### [Records]
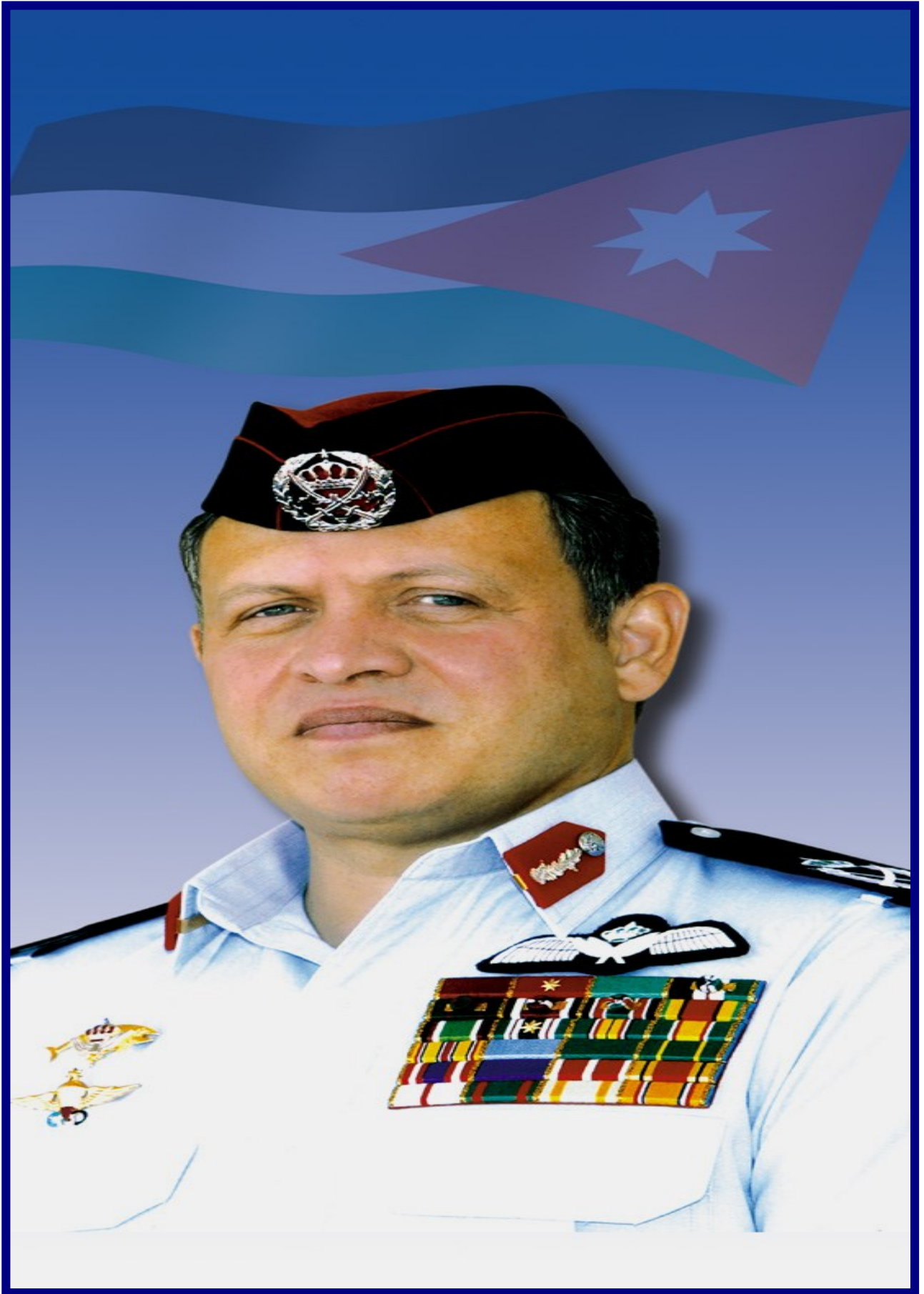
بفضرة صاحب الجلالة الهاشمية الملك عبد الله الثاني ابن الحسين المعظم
--
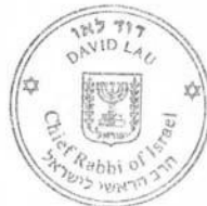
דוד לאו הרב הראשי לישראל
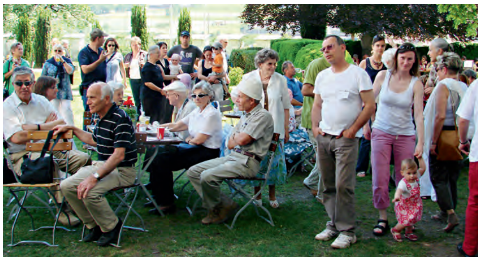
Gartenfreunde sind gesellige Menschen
==
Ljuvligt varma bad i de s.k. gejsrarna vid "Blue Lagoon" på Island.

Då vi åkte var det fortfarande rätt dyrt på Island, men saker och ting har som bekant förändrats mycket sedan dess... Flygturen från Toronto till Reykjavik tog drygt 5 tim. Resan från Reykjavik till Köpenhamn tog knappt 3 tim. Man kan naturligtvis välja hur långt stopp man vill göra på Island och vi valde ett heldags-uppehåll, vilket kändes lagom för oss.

### [What is being asked]
Out of the material above, output word for word the line with "Ljuvligt varma bad", the line with "Då vi åkte var", and all lines between them, with nothing else.

### [Reply to the task]
Ljuvligt varma bad i de s.k. gejsrarna vid "Blue Lagoon" på Island.

Då vi åkte var det fortfarande rätt dyrt på Island, men saker och ting har som bekant förändrats mycket sedan dess... Flygturen från Toronto till Reykjavik tog drygt 5 tim. Resan från Reykjavik till Köpenhamn tog knappt 3 tim. Man kan naturligtvis välja hur långt stopp man vill göra på Island och vi valde ett heldags-uppehåll, vilket kändes lagom för oss.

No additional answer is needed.